/data-dev-jupyter-cloud

Containerized Ubuntu image optimized for data engineering with a built-in Jupyter server and support for GCP Cloud SDK.

Primary LanguageDockerfileApache License 2.0Apache-2.0

Data Dev Jupyter Cloud

This is a containerized Ubuntu image optimized for data engineering with a built-in Jupyter server and support for GCP Cloud SDK.

Build the container

To build the container, run this in shell:

bash build.sh

and this will build the docker container called data-dev-jupyter-cloud:v1 with the default password as sigtica for the jupyter server.
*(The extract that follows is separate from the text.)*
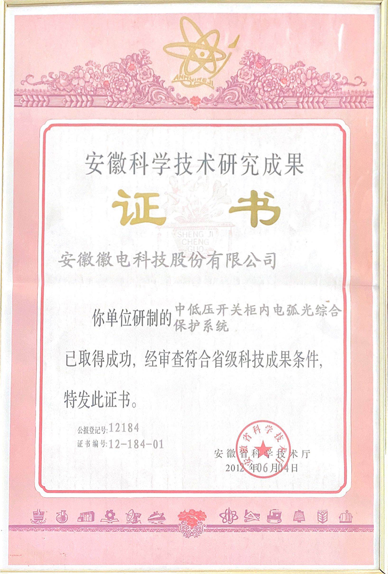 安徽科學技術研究成果證書

If you wish you change your password, please alter the Dockerfile as follows:

ENV NOTEBOOK_PASSWORD=sha1:001573f70efc11f419c70fbe78b3af0e:12888e9468259b90ed82b3ab98fdeb2ec5f00116

and place sha1:001573f70efc11f419c70fbe78b3af0e:12888e9468259b90ed82b3ab98fdeb2ec5f00116 with your choice of password, encrypted.

You can encrypt your own password in python:

def generate_sha1_hash(input_string):
    import hashlib
    import secrets
    # Generate a random salt
    salt = secrets.token_hex(8)
    # Hash the input string with the salt
    sha1 = hashlib.sha1((input_string + salt).encode()).hexdigest()
    # Construct the final hash in the desired format
    hashed_password = f"sha1:{salt}:{sha1}"
    return hashed_password

hashed_password = generate_sha1_hash("sigtica")
print(hashed_password)

Running the container

To run the container, run this in shell:

bash run.sh

and it will spin up a docker container using the image data-dev-jupyter-cloud:v1 that you built earlier, available at http://localhost:8888, with a default password of sigtica.

Mounted volume

By design, run.sh mounts a shared/ folder to this docker image. Everything you read or write in that folder will be reflected on your local machine as well.

shared volume

GCP Cloud SDK support

This image has built-in support for using the GCP Cloud SDK to move files from and to Google Cloud Platform:

Cloud SDK

You can initialize Google Cloud SDK as follows:

gcloud init

then

gcloud auth login

After you authenticate, you must set up your GCP project credentials.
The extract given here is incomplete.